Variable intellectual-property protection, tied to therapeutic value, would transform research and development incentives by more generously rewarding therapeutic breakthroughs while shrinking payoffs for me-too and marginal advances. This incentive structure could be designed to roughly maintain patent protection’s aggregate economic value across the medical care, drug, and device industries; this should reduce industry resistance arising from fear of diminished overall intellectual property protection. There would, of course, be winners and losers, but the transition could be phased in over a long enough time to avoid effects on research and development commitments already made.
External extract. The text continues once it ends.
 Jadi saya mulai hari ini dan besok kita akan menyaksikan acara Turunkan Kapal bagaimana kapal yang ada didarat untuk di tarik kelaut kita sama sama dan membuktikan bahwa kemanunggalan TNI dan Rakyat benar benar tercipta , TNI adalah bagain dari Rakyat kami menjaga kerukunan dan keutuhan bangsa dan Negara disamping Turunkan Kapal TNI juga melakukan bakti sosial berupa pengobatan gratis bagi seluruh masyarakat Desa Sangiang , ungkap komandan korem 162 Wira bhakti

Much needs to be done to develop this concept into a detailed, practical reform proposal. Judgments must be made about how to assess therapeutic value in ongoing fashion, adjust for changes in a technology’s use, and translate metrics of value into variable patent terms. We’re already undertaking some of this work, beginning with an attempt at proof of concept. In particular, we’re working with a multicenter aggregator of electronic medical records to track the effectiveness of several new, high-cost cancer treatments that target molecular markers. Our aim is to develop a multiaxial model of value (incorporating prolongation and quality of life, side effects, and other suffering) that could translate into variable reimbursement levels and intellectual-property protection terms.
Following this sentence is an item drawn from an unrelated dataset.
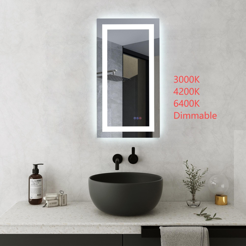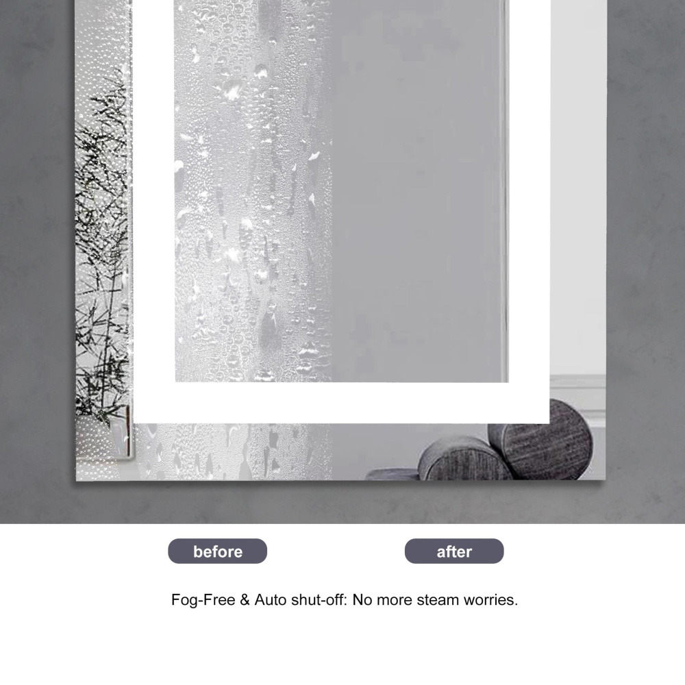 Redefine your daily routine with this ultra-modern LED mirror, designed to offer the perfect blend of style and functionality. Featuring both front and back illumination, this mirror provides a soft yet powerful glow that enhances your space with a luxurious ambiance. The adjustable color temperature (ranging from 3000K to 6400K) allows you to customize the warmth or coolness of your lighting, while the dimmable function lets you create the perfect brightness level. With a 90 CRI rating, this mirror ensures accurate color representation, making it perfect for grooming, makeup application, or daily self-care. The built-in defogger keeps your reflection clear and can be turned on or off at your convenience. Thanks to the touch sensor controls, adjusting your mirror's settings is effortless, and the memory function saves your last preferred settings for a seamless experience. Designed for versatile installation, this mirror can be hung vertically or horizontally using the included French cleats, making it a stunning and adaptable addition to any bathroom or vanity. It can be hardwired or connected to a wall switch for your convenience. Elevate your space with a mirror that not only reflects your image but also enhances your everyday routine with smart, modern lighting.

Our proposed redirection of cost-control efforts will need to take account of real-world constraints. To this end, we’d be grateful for any feedback from readers of this post, especially those involved in decisions about development and adoption of new clinical technologies. We suspect, for example, that most who make these decisions are both loss and risk averse, which might color their responses to the changed incentives we envision. Would multinational drug and device makers with ongoing research and development budgets tend to “play it safe” by pursuing less ambitious projects that are more likely to pan out? Or would these firms’ large research and development portfolios make them more willing to take chances, since pursuit of many possibilities offers some “insurance” against the failure of one? Conversely, would the expanded range of risk and reward that we envision inspire academic researchers and start-up investors (without large, ongoing research and development commitments) to try for home runs or to steer away from biomedical innovation?
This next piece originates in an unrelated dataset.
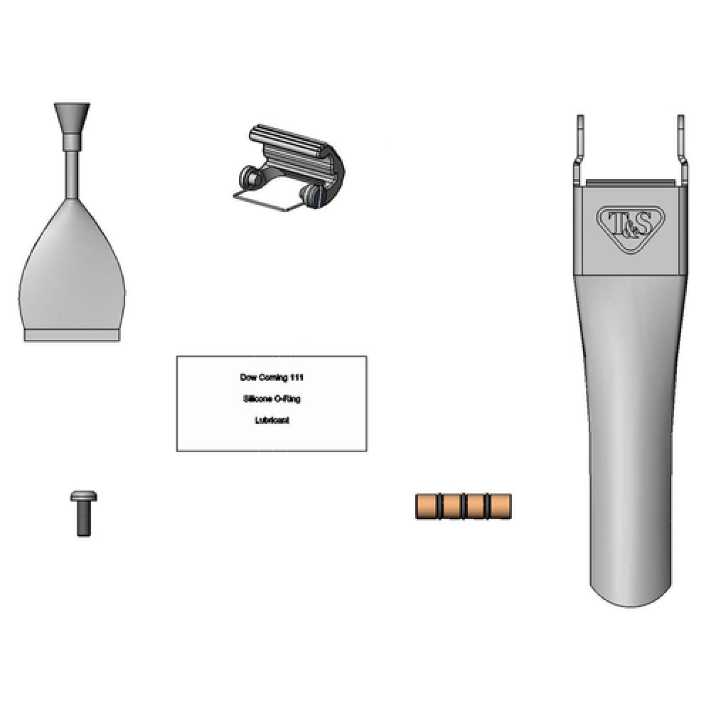 The T&S Brass 108T-RK Trigger Repair Kit is a comprehensive solution designed for maintaining and enhancing the functionality of spray valves in a variety of professional settings. This kit includes essential components such as a stainless steel trigger, ensuring durability and longevity under frequent use. The inclusion of a spring trigger catch and screw provides reliable performance, while two additional screws offer secure assembly. The pivot pin included in the kit facilitates smooth operation of the trigger mechanism, contributing to the overall efficiency and ease of use. To ensure a secure fit and prevent loosening during operation, the kit comes with a loctite adhesive. The silicone O-ring included acts as an effective sealant, preventing leaks and maintaining optimal operation of the spray valve. Additionally, the kit features lubricant to minimize friction and prolong the life of the moving parts. The T&S Brass 108T-RK Trigger Repair Kit is particularly useful for industries that require regular and rigorous use of water dispensing equipment, such as commercial kitchens and food service operations, providing a reliable solution for maintaining equipment performance and extending their service life.

We also expect the relative influence of value-based reimbursement incentives and value-based intellectual property protection to vary among differently situated decision makers—for example, drug and device makers versus surgeons who invent new procedures. For pharmaceutical firms, patent terms matter greatly, but for new surgical techniques, reimbursement levels matter more.
Our approach doesn’t assure that medical care’s share of the gross domestic product won’t continue to grow. Some major breakthroughs are hugely costly: Drugs that cure hepatitis C are a current, controversial example. Breakthroughs, moreover, beget aging populations, with greater clinical needs. But the strategy we’re pursuing holds out the promise of finessing the vested financial and human capital commitments and the popular alarm over “rationing” that have so far stymied long-term efforts to rein in rising costs. At the least, it could change the trajectory of clinical innovation to yield greater value from future medical spending.